In Eire, the dairy farming class exported cream and butter however purchased hydrogenated vegetable oil for their very own kitchen tables; pale and insipid margarine crammed grocery store cabinets; low-fat yogurts and semi-skimmed milk landed on breakfast spreads. The thought was absolutely realised by the 2000s when Particular Ok instructed you to eschew fats and eat cereal.
Eating places by no means gave up on the stuff: any chef will inform you the key to good cooking is understanding how a lot butter to make use of, and having the boldness to make use of it. However a counter-revolution was brewing for the buyer too, whose lives existed removed from the Michelin Information. By 2014, Time journal staged an intervention with a canopy story beseeching the world to “Eat Butter”.

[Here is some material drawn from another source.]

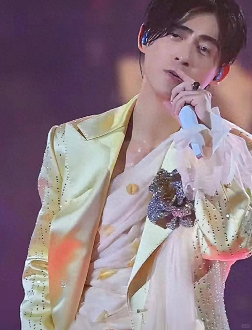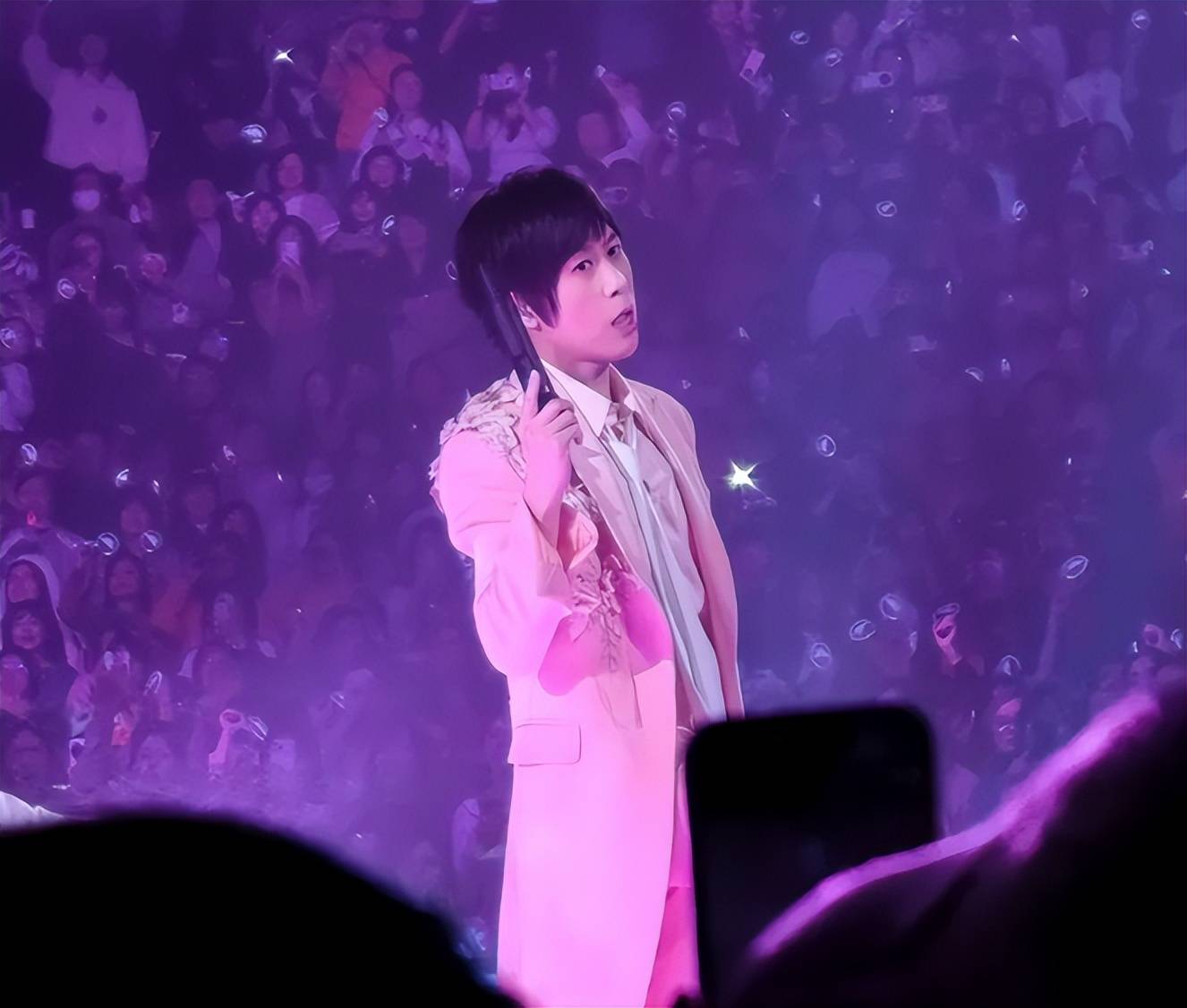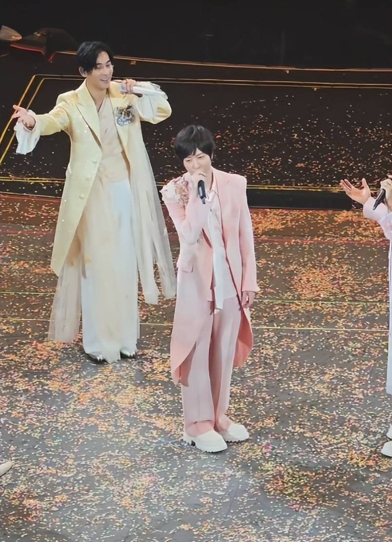 他和言承旭合唱《流星雨》,全场万人合唱,荧光棒挥舞得像星海一样。
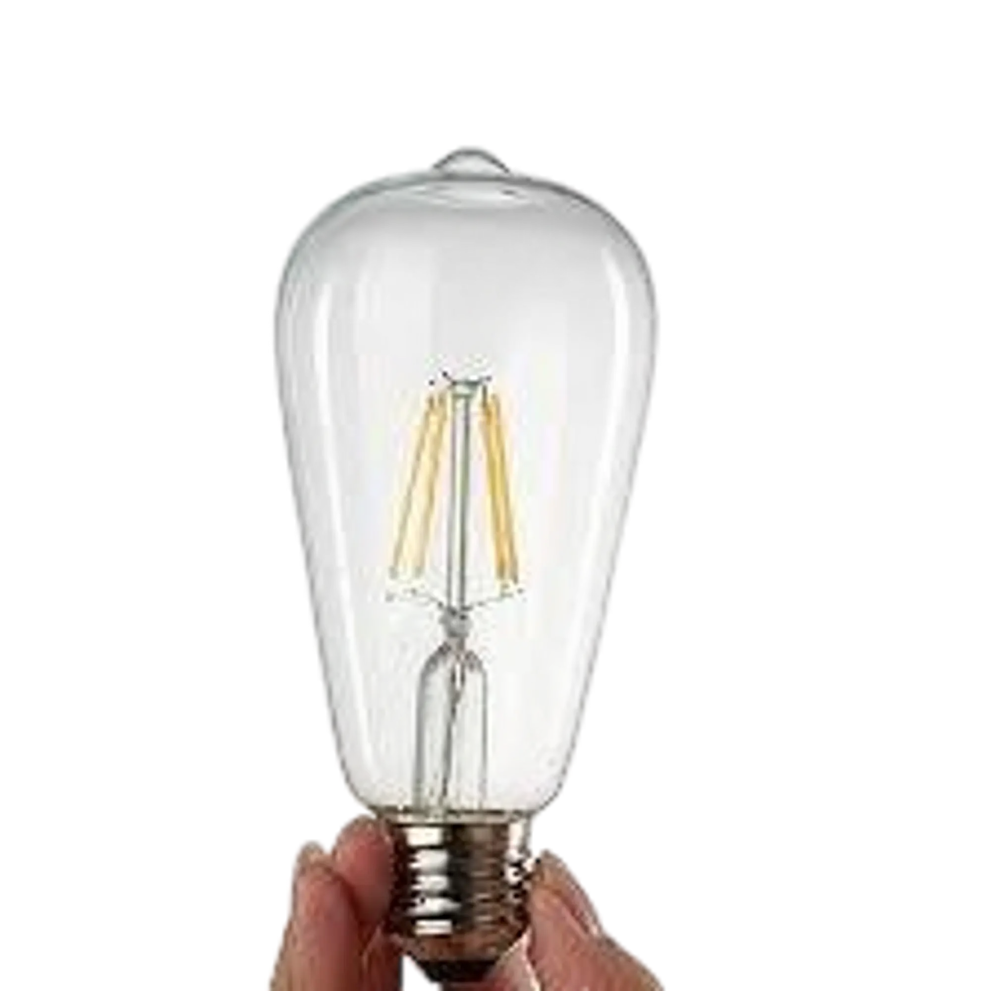 Design: This bulb mimics the look of early 20th-century carbon filament bulbs but uses energy-efficient LED strips (the orange vertical lines).

The experiment was a failure, it argued; we reduce saturated fats, individuals solely bought sicker. And butter’s redemption was in movement, regardless of that it continued to run counter to British well being recommendation. Lastly, by 2025, the grip of the low-fat regime is loosening: demand for butter and entire milk is recapturing floor in the UK, as soon as stolen by their margarine and skimmed counterparts. One raffish younger chef, Thomas Straker, discovered viral fame (and probably a restaurant empire) with an prolonged sequence concerning the stuff.
It stands as a slippery, greasy, yellow shorthand for the Nice British Nostalgia Drive: a nation craving for a custardy previous, the place Irish peasant meals is served to counter-signalling elites on the Caledonian Street; the place the very-modern nervousness about saturated fats is discarded for historic knowledge. It’s nearly as if Britain regarded within the mirror and mentioned “fairly sufficient modernity, thanks!”